● PROBLEM TO WORK ON
Keep images out and repeat all data exactly.

● STORED DATA
=== Begin Enclosure ===

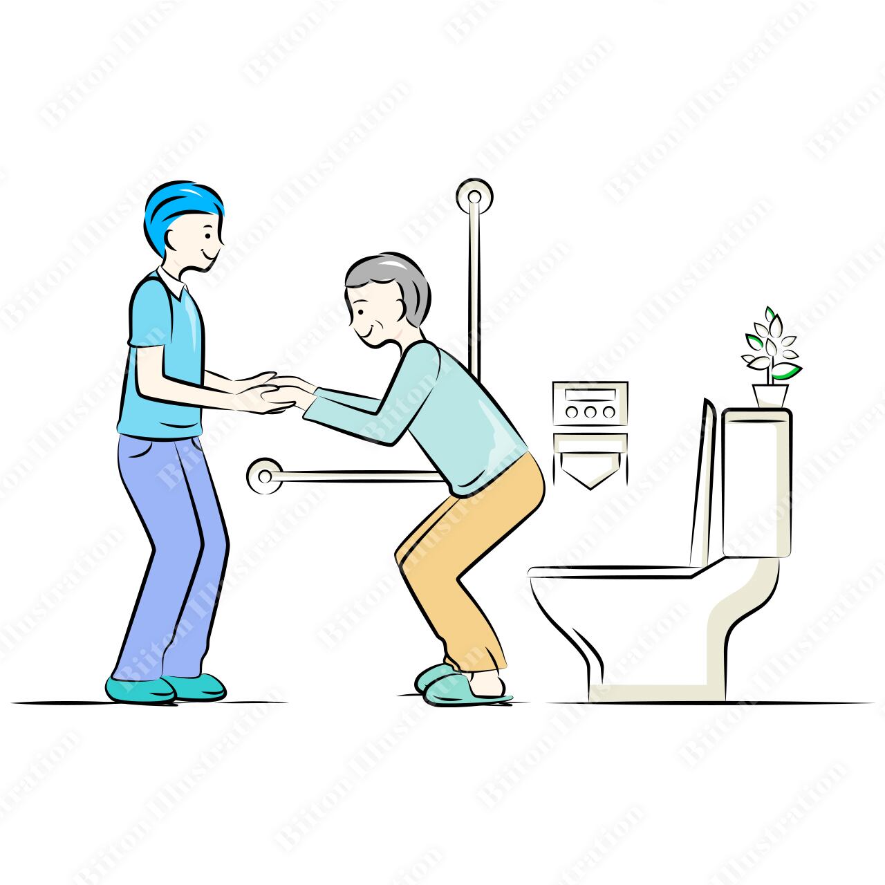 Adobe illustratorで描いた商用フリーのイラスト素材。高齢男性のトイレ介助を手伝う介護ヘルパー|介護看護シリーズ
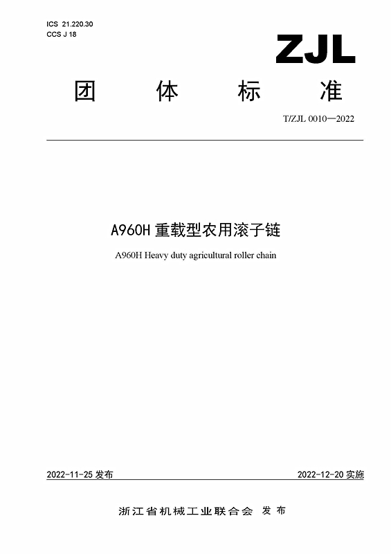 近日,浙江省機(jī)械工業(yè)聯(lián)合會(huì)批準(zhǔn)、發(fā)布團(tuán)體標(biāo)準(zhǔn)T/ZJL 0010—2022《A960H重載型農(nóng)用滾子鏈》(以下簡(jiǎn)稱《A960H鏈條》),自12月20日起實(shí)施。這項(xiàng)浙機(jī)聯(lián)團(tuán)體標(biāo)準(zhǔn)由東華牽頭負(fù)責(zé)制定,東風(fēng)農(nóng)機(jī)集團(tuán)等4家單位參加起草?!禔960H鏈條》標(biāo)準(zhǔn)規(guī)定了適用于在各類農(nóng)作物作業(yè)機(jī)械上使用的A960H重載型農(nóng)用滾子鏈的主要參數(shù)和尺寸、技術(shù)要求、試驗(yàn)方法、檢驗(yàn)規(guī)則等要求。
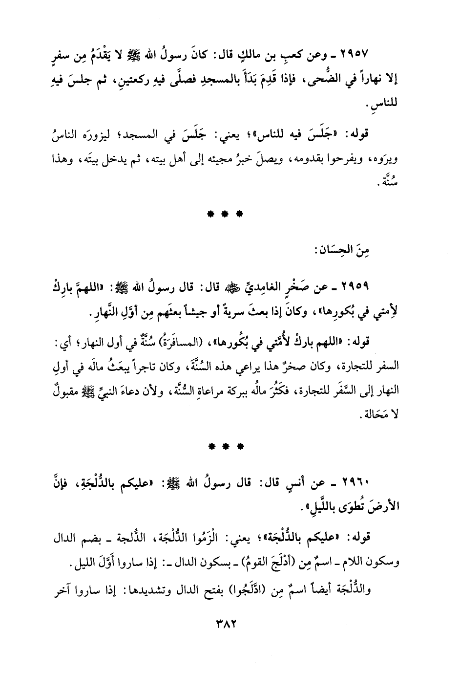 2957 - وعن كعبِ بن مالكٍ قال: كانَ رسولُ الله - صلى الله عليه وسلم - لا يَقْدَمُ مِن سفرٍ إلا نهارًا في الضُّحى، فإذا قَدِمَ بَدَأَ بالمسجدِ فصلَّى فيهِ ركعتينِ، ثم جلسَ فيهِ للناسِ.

=== End Enclosure ===

● YOUR SOLUTION
 Adobe illustratorで描いた商用フリーのイラスト素材。高齢男性のトイレ介助を手伝う介護ヘルパー|介護看護シリーズ
 近日,浙江省機(jī)械工業(yè)聯(lián)合會(huì)批準(zhǔn)、發(fā)布團(tuán)體標(biāo)準(zhǔn)T/ZJL 0010—2022《A960H重載型農(nóng)用滾子鏈》(以下簡(jiǎn)稱《A960H鏈條》),自12月20日起實(shí)施。這項(xiàng)浙機(jī)聯(lián)團(tuán)體標(biāo)準(zhǔn)由東華牽頭負(fù)責(zé)制定,東風(fēng)農(nóng)機(jī)集團(tuán)等4家單位參加起草?!禔960H鏈條》標(biāo)準(zhǔn)規(guī)定了適用于在各類農(nóng)作物作業(yè)機(jī)械上使用的A960H重載型農(nóng)用滾子鏈的主要參數(shù)和尺寸、技術(shù)要求、試驗(yàn)方法、檢驗(yàn)規(guī)則等要求。
 2957 - وعن كعبِ بن مالكٍ قال: كانَ رسولُ الله - صلى الله عليه وسلم - لا يَقْدَمُ مِن سفرٍ إلا نهارًا في الضُّحى، فإذا قَدِمَ بَدَأَ بالمسجدِ فصلَّى فيهِ ركعتينِ، ثم جلسَ فيهِ للناسِ.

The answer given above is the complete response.